The natural stone fireplace in the parlor room at Rocky Ridge farm.
Mansfield, Missouri



"People use to have time to live and enjoy themselves, but there is no
time anymore for anything but work, work, work."

Oh, we threshed it all over as everyone does when they get that kind of
grouch, and then we sat in silence.  I was wishing I had lived altogether in
those good old days when people had time for things they wanted to do.




The Man of the Place
Almanzo Wilder
(circa 1894)



What the Man of the Place was thinking, I do not know; but I was quite
surprised at the point at which he had arrived, when he remarked out of silence,
in rather a meek voice, "I never realized how much work my father did.
Why, one winter he sorted 500 bushels of potatoes after supper by lantern
light. He sold them for $1.50 a bushel in the spring, too, but he must have got
blamed tired of sorting potatoes down cellar every night until he had
 handled more than 500 bushel of them."

"What did your mother do while your father was sorting potatoes?" I asked.
"Oh, she sewed and knit," said the Man of the Place. She made all our clothes,
coats and pants, undergarments for Father and us boys as well as everything
she and the girls wore, and she knit all our socks and mittens-shag mittens
for the men folks, do you remember, all fuzzy on the outside?
She didn't have time enough in the day to do all the work and so 
she sewed and knit at night."

I looked down at the magazine in my hand and remembered how my
mother was always sewing or knitting by the evening lamp. I realized that
I never had done so except now and then in case of emergency.

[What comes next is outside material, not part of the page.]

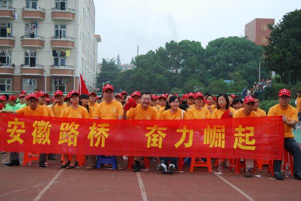 來自21個單位的近500員工組成了不同色彩的10個方隊(duì)參加了開幕式。公司由總經(jīng)理汪衛(wèi)東、黨委書記陳光磊帶隊(duì),組成約100人的方隊(duì)舉著“安徽路橋 奮力崛起”的橫幅,高喊“安徽路橋 搶抓機(jī)遇 實(shí)現(xiàn)跨越 科學(xué)發(fā)展 共促和諧”的口號,向集團(tuán)領(lǐng)導(dǎo)和兄弟單位展示了公司積極向上的風(fēng)采。

But the Man of the Place was still talking.  "Mother did all her sewing by
hand then," he said, "and she spun her own yarn and wove her own cloth.
Father harvested his grain by hand with a sickle and cut his hay with a
scythe.  I do wonder how he ever got it done."



A farmer using a scythe (left) and a grain cradle (right).
 The Growth Of Industrial Art
(1884)


Again we were silent, each busy with our own thoughts. I was counting up
the time I give to club work and lodge work and yes, I'll admit it-politics.
My mother and mother-in-law had none of these, and they do use up a
good many hours. Instead of all this, they took time once in a while
from their day and night working to go visit a neighbor for the day.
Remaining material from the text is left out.